Polygon walk
Go on a vector walk and determine which points on the walk are
closest to the origin.
My friends Ulaf and Vicky are each given the vector ${\bf i} = (1, 0)$ and another constant vector ${ \bf u}$ and ${\bf v}$ respectively. Starting at the origin, Ulaf and Vicky take a 2-dimensional 'vector walk' where each step is either ${\bf i}$ or one of their constant vectors, either forwards or backwards.
Thus, Ulaf could reach the points $n{\bf i }+m{\bf u}$ and Vicky could reach the points $n{\bf i }+m{\bf v}$ for any whole numbers $n$ and $m$.
After walking around for a while, Ulaf tells me that the points nearest to the origin he could reach formed the vertices of an equilateral triangle and Vicky tells me that the points nearest to the origin that she could reach formed the vertices of a regular hexagon. Using this information, work out ${ \bf u}$ and ${\bf v}$.
Later that day, Wilber went on a vector walk using the vectors ${\bf i} = (1, 0)$ and ${\bf w}$. He tells me that the points nearest to the origin that he could reach formed a regular pentagon. Why must Wilber be mistaken?

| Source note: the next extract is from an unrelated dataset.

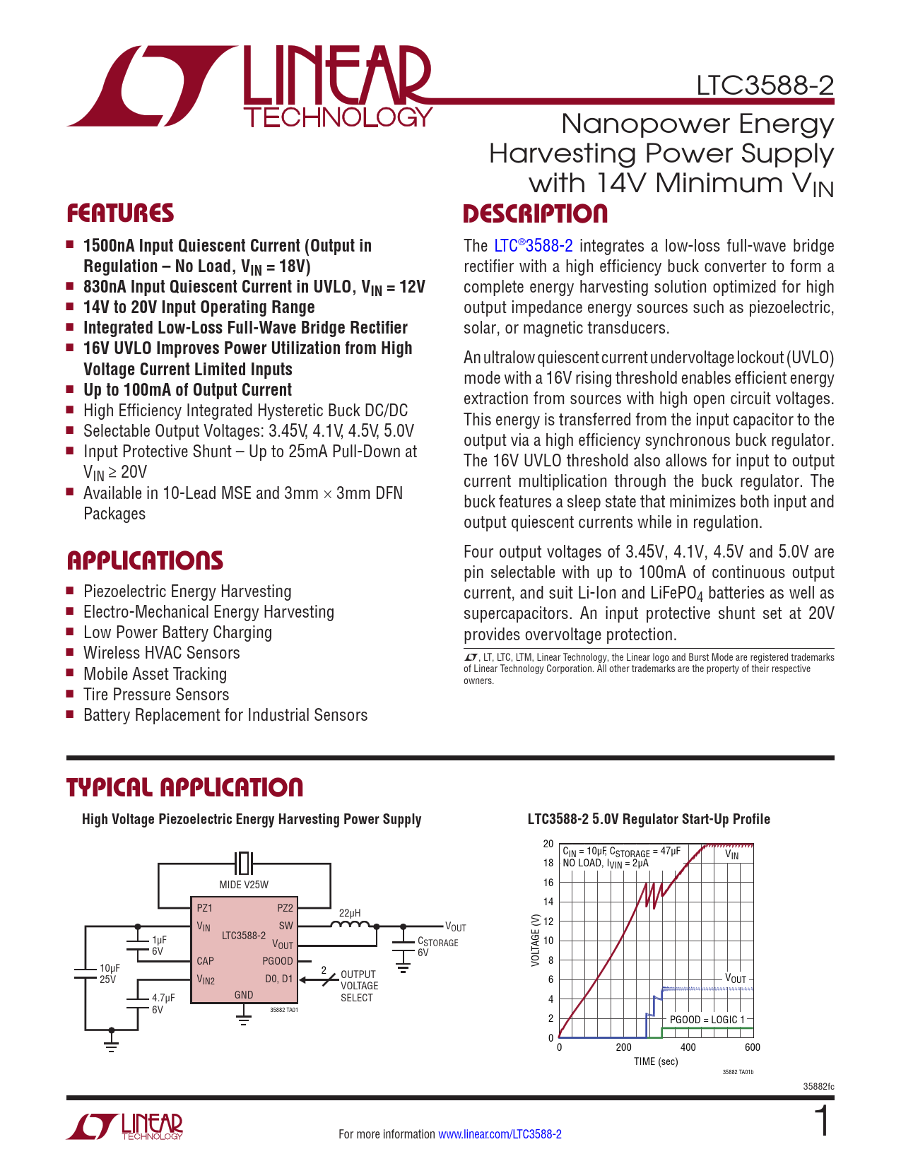 LTC3588-2 Nanopower Energy Harvesting Power Supply with 14V Minimum VIN FEATURESDESCRIPTION n 1500nA Input Quiescent Current (Output in The LTC®3588-2 integrates a low-loss full-wave bridge Regulation – No Load, VIN = 18V) rectifier with a high efficiency buck converter to form a n 830nA Input Quiescent Current in UVLO, VIN = 12V complete energy harvesting solution optimized for high n 14V to 20V Input Operating Range output impedance energy sources such as piezoelectric, n Integrated Low-Loss Full-Wave Bridge Rectifier solar, or magnetic transducers. n 16V UVLO Improves Power Utilization from High An ultralow quiescent current undervoltage lockout (UVLO) Voltage Current Limited Inputs mode with a 16V rising threshold enables efficient energy n Up to 100mA of Output Current extraction from sources with high open circuit voltages. n High Efficiency Integrated Hysteretic Buck DC/DC This energy is transferred from the input capacitor to the n Selectable Output Voltages: 3.45V, 4.1V, 4.5V, 5.0V output via a high efficiency synchronous buck regulator. n Input Protective Shunt – Up to 25mA Pull-Down at The 16V UVLO threshold also allows for input to output VIN ≥ 20V current multiplication through the buck regulator. The n Available in 10-Lead MSE and 3mm × 3mm DFN buck features a sleep state that minimizes both input and Packages output quiescent currents while in regulation. Four output voltages of 3.45V, 4.1V, 4.5V and 5.0V are APPLICATIONS pin selectable with up to 100mA of continuous output n Piezoelectric Energy Harvesting current, and suit Li-Ion and LiFePO4 batteries as well as n Electro-Mechanical Energy Harvesting supercapacitors. An input protective shunt set at 20V n Low Power Battery Charging provides overvoltage protection. n Wireless HVAC Sensors L, LT, LTC, LTM, Linear Technology, the Linear logo and Burst Mode are registered trademarks of Linear Technology Corporation. All other trademarks are the property of their respective n Mobile Asset Tracking owners. n Tire Pressure Sensors n Battery Replacement for Industrial Sensors TYPICAL APPLICATIONHigh Voltage Piezoelectric Energy Harvesting Power SupplyLTC3588-2 5.0V Regulator Start-Up Profile 20 CIN = 10µF, CSTORAGE = 47µF VIN 18 NO LOAD, IVIN = 2µA MIDE V25W 16 14 PZ1 PZ2 22µH V 12 IN SW VOUT LTC3588-2 1µF V C 10 OUT STORAGE 6V 6V TAGE (V) CAP PGOOD 8 10µF VOL 2 25V V OUTPUT IN2 D0, D1 6 V VOLTAGE OUT GND 4.7µF SELECT 4 6V 35882 TA01 2 PGOOD = LOGIC 1 0 0 200 400 600 TIME (sec) 35882 TA01b 35882fc For more information www.linear.com/LTC3588-2 1 Document Outline Features Applications Description Typical Application Absolute Maximum Ratings Pin Configuration Order Information Electrical Characteristics Typical Performance Characteristics Pin Functions Block Diagram Operation Applications Information Revision History Typical Application Related Parts
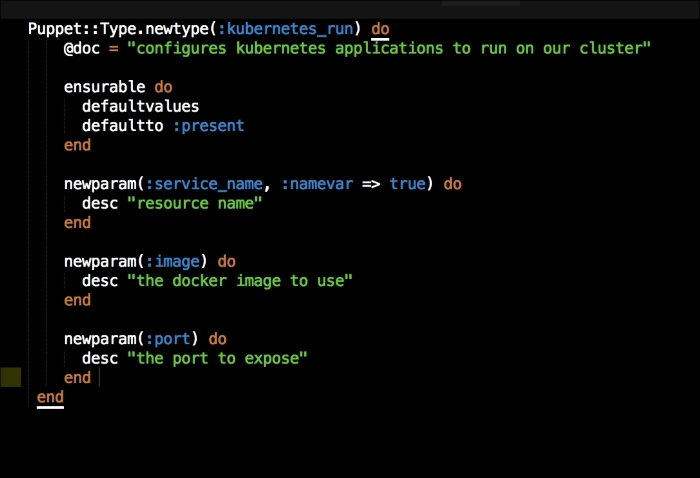 As you can see, we are mapping the same parameters that we had in our apps.pp file. We will then create a folder under the provider folder with the same name as our kubernetes_run type. Again, in the newly created directory, we will create a file called ruby.rb. It will have the code shown in the following screenshot:

Draw the triangle pointing right such that the rightmost vertex is at $\mathbf{i}$
The coordinates of a regular $n$-gon with a centred on the origin with a vertex at $(1,0)$ are
$$\left(\cos\left(\frac{2m\pi}{n}\right), \sin\left(\frac{2m\pi}{n}\right)\right)\, \text{ where }m=0, \dots, n-1$$
For a pentagon, the coordinates become
$$
(1, 0), \left(\frac{1}{4}\left(\sqrt{5}-1\right), \frac{1}{4}\left(\sqrt{10+2\sqrt{5}}\right)\right), \left(-\frac{1}{4}\left(\sqrt{5}+1\right), \frac{1}{4}\left(\sqrt{10-2\sqrt{5}}\right)\right)
$$
along with the mirror images in the $x$-axis.
This problem builds on GCSE vector work and provides a foundation for concepts met in the later Core A Level modules.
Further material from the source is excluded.